If you have high cholesterol, Middle Eastern food, may seem off limits. Rich sauces and spices -- food that tasty can't be cholesterol diet friendly, right? Actually, among the cuisine's assortment of flavorful spices, yogurt and tahini (sesame) dips, and delicious rice dishes are plenty of options based on vegetables, beans, lean meats, and fish. Meat and fried dish options are those worth taking a pass on if you're concerned about cholesterol -- but based on how lip-smacking the other options are, we don't think you'll even miss them.
This menu provides a day's worth of "good" monounsaturated fat, high-fiber, and antioxidant-rich dishes.
It also provides 1,600 calories for the day. Remember that your dietary requirements may be higher or lower than 1,600 calories depending on your weight, age, and activity level.
Breakfast:
1 cup coffee, with 2 ounces skim milk
1 serving (1/4 recipe) Egyptian Fava Beans
Snack:
1 medium orange
Lunch:
Beverage: Your choice sugar-free beverage, 8oz.

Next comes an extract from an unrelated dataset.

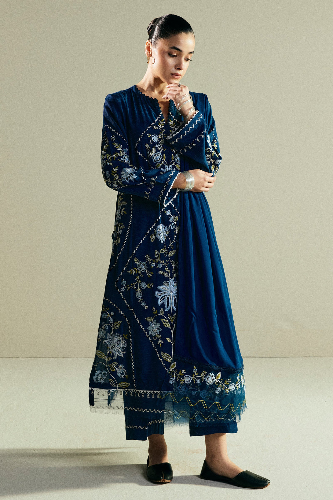 This long mid-night blue loose-fit kurta is decorated with intricate kantha embroidery on the front and sleeves, showcasing fine craftsmanship and detail. It is paired with tonal cropped straight pants featuring delicate embroidery for a subtle finish. A matching dupatta completes the look, tying the pieces together with understated elegance.

1 Hummus and Veggie Melt (use whole wheat bread and only 2 slices of cheese)
Dinner:
Beverage: 1 cup (8oz) sugar-free iced tea
1 Fattoush Salad (1/2 recipe)
Lentils and Rice With Tomato Sauce (1/4 recipe) -- use brown rice, and whole wheat elbows
Dessert:
3 small dried figs
Tip: These dishes can be made even more heart healthy by using a non-salt substitute.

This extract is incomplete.